Заигрывающие батареи (страница 5)

Страница 5

Отбили Бондарю оба плеча офицеры, хлопая в восторге, и чуть ребра не поломали, обнимая. Заглотили немцы наживку, как жадная щука блесенку. Развернулись, как было нужно, и за пальбой своей не заметили сразу, что по ним полетело сзади.

ИПТАПовцы спешили как оглашенные, понимая, что сейчас секунды все решают, и дали такую скорострельность, что сами удивились.

На поле осталось 29 танков, в их числе все «Тигры», что были в шедших вдоль шоссе колоннах. По ним били в первую очередь. Спохватились немцы поздно – вероятно, в одной из полыхнувших машин потеряли командира, потому как боя не приняли, и откатились поспешно настолько, что танки из зоны обстрела удрали быстрее, чем грузовики, и артиллеристы успели еще и в хвост колонны насовать от души, накрыв мотопехоту осколочными.

Немецкие самоходчики тоже потеряли 7 машин и удрали вслед за танками.
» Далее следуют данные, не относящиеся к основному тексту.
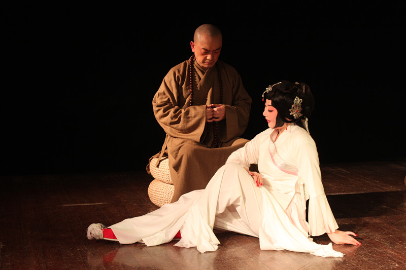在剧末,小沙弥说:“ 冷眼看人是禅?修养自身是禅?放纵是禅?克制是禅?超然是禅?心静是禅?风流是禅?压抑是禅?守节是禅?安贫乐道是禅?不求名利是禅?无忧无虑是禅?处变不惊是禅?万物无常是禅?”禅是什么,每个人心中自有答案。即是何为佛,你言便是。佛家忌讳的是执念。在放下和取得之间重新觅得了禅。小沙弥的这段话运用了传统戏曲中“显在”的叙述法。自报家门,抖露真相,得到了间离的效果,观众们可以独立于剧情,理性思考。
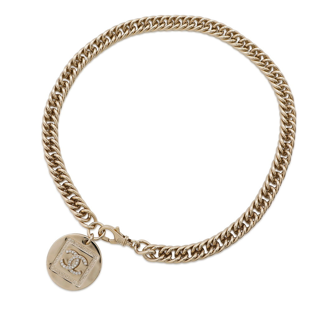 CHANEL Choker Necklace CC Logo Round Plate Gold Metal Rhinestone

Пехота без брони в драку не стала ввязываться, поспешив убраться из-под артобстрела с максимальной скоростью. Намолотить столько дюжиной пушек, да притом понеся сравнительно малые потери – это было серьезной победой! Насладиться, правда, не получилось – пришлось быстро менять позицию, устраивая засаду дальше.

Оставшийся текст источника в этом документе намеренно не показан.